Assessment of the Safety of Allogeneic Umbilical Cord Blood Infusions in Children With Cerebral Palsy
This trial is active, not recruiting.
|Treatment||sibling umbilical cord blood|
|Sponsor||Joanne Kurtzberg, MD|
|Start date||November 2015|
|End date||November 2017|
|Trial size||15 participants|
|Trial identifier||NCT02599207, Pro00065043|
This study is a single site, phase I, prospective study of the safety of intravenous sibling cord blood infusion in 15 children ages 1-6 years with Cerebral Palsy (CP). All subjects will be treated with sibling cord blood cells. The first six will receive cord blood cells from an HLA-matched sibling. The following nine subjects will receive cord blood cells from an HLA-mismatched (≥3/6 match) or matched sibling. The duration of study participation will be six months from the time of the cord blood infusion.
|Endpoint classification||safety study|
|Intervention model||parallel assignment|
Assessment for infusion reactions, infections, graft versus host disease or any other adverse events
time frame: 6 months
Assessment for improvement in gross motor function
time frame: 6 months
Assessment for improvement in fine motor function
time frame: 6 months
Male or female participants from 1 year up to 6 years old.
- Age ≥12 months and ≤ 6 years at the time of CB infusion.
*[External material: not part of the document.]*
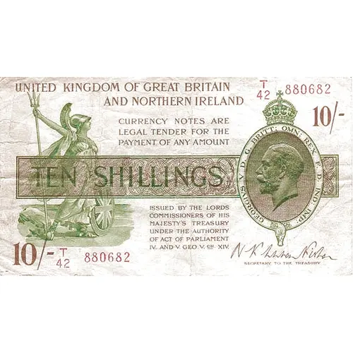 United Kingdom of Great Britain and Northern Ireland Currency Notes are Legal Tender for the payment of any amount Ten Shillings Issued by the Lords Commissioners of His Majesty`s Treasury under the Authority of Act of Parliament IV & V Geo.V.ch XIV 10/- |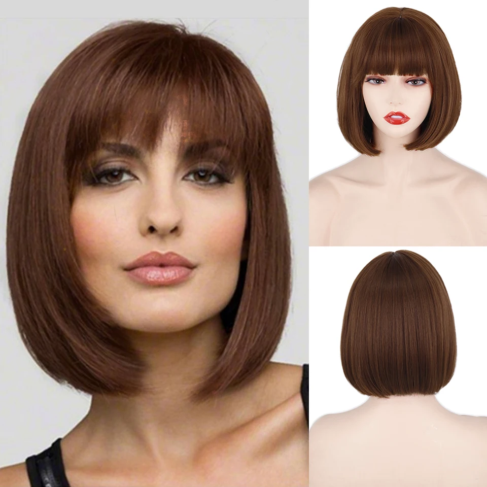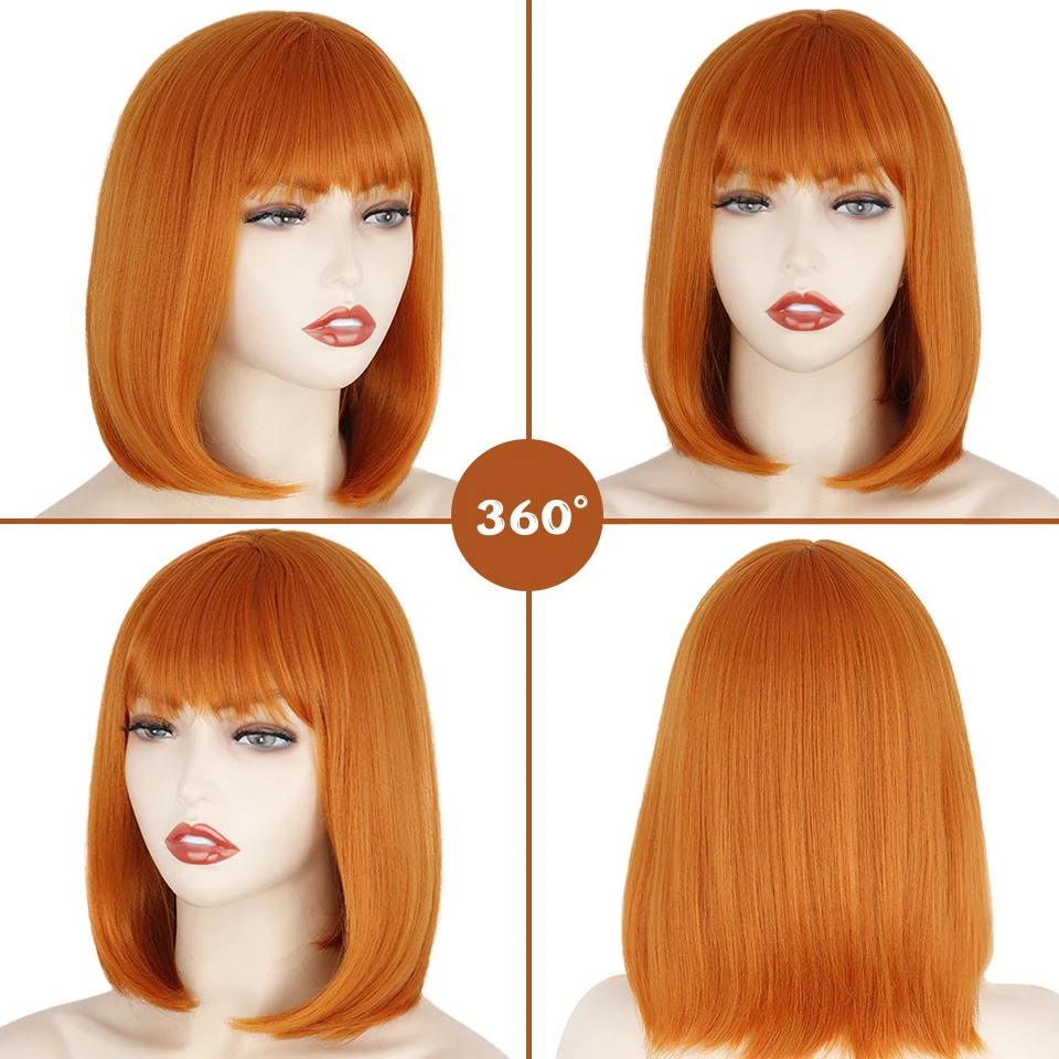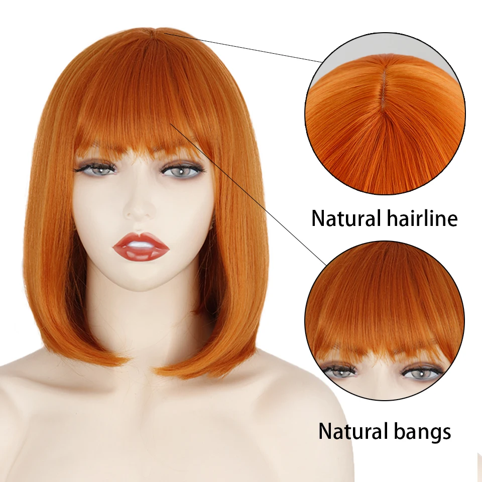 Короткий парик Боб с челкой для женщин, синтетические парики боб, оранжевый, черный, розовый парик для ежедневного использования вечерние длина до плеч

- Diagnosis: Cerebral palsy with diplegia, hemiplegia, or quadriplegia.
- Performance status:
- Bilateral cerebral palsy (diplegia or quadraplegia): Gross Motor Function Classification Score levels II - IV, or Gross Motor Function Classification Score level I, age ≥ 2 years
- Hemiplegia: Gross Motor Function Classification Score levels II - IV or minimal functional capabilities in the affected upper extremity. A subject classified as GMFCS level I with significant upper extremity impairment will be eligible if the affected upper extremity is used as an assist only.
- Review of brain imaging (obtained as standard of care prior to study entry) does not suggest a genetic condition or brain malformation.
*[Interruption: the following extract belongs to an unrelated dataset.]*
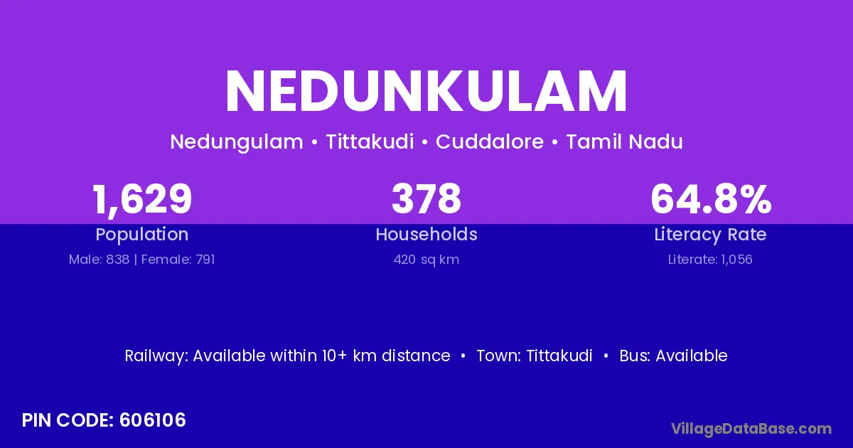 Tittakudi is the nearest town to Nedunkulam village for major economic activities

- Suitably matched sibling donor CB unit (see section 6.2 for matching details) available at a private or public cord blood bank with a minimum total nucleated cell dose of ≥ 2.5 x 107 cells/kilogram.
- Legal authorized representative consent.
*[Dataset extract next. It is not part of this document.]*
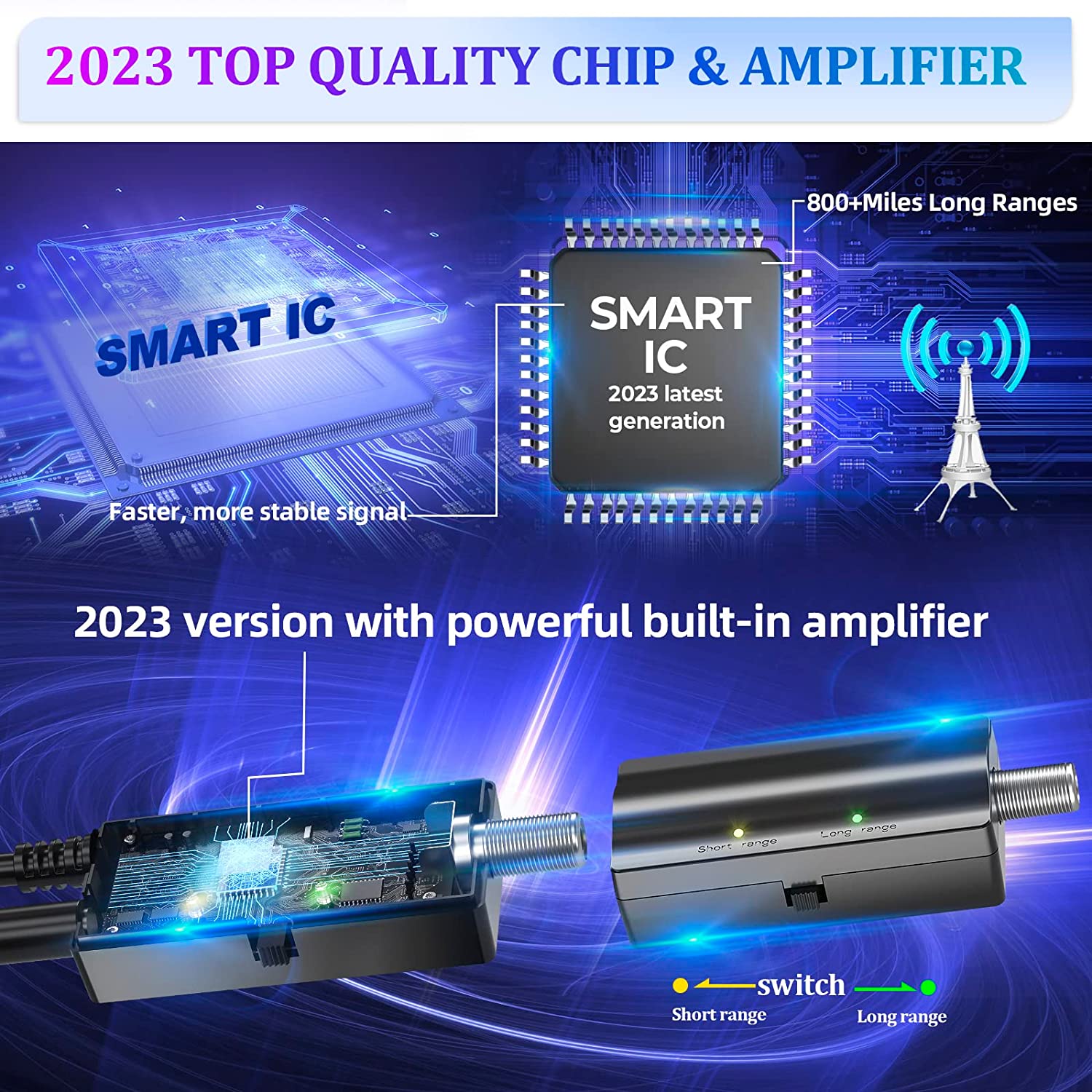 • ?▷【UPGRADED TO 800+ MILE LONG RANGE】- TV antenna for smart tv, equip with 2023 MOST POWERFUL built-in ic chip & HIGH-QUALITY signal amplifier, ensure the stability of signal reception,access to more free channels . Indoor/Outdoor tv antenna has high gain, bring clear pictures, low noise and access to most TV signals.Transfer 8k 4k combination of UHR and HDR video content. You deserved the 2023 Best & Oversized ANTENNA which offers more longer ranges on the market and lndustry-leading Power!

- Available qualified autologous cord blood unit
- Autism and autistic spectrum disorders without motor disability.
- Intractable seizures causing epileptic encephalopathy.
- Evidence of a progressive neurologic disease.
- Has an active, uncontrolled systemic infection or documentation of HIV+ status.
- Known genetic disease or phenotypic evidence of a genetic disease on physical exam.
- Concurrent genetic or acquired disease or comorbidity(ies) that could require a future allogeneic stem cell transplant.
- Requires ventilatory support, including home ventilator, CPAP, BiPAP, or supplemental oxygen.
- Impaired renal or liver function as determined by serum creatinine >1.5mg/dL and/or total bilirubin >1.3mg/dL except in patients with known Gilbert's disease.
- Possible immunosuppression, defined as WBC <3,000 cells/mL or absolute lymphocyte count (ALC) below normal for age with abnormal T-cell subsets.
- Patient's medical condition does not permit safe travel.
- Previously received any form of cellular therapy.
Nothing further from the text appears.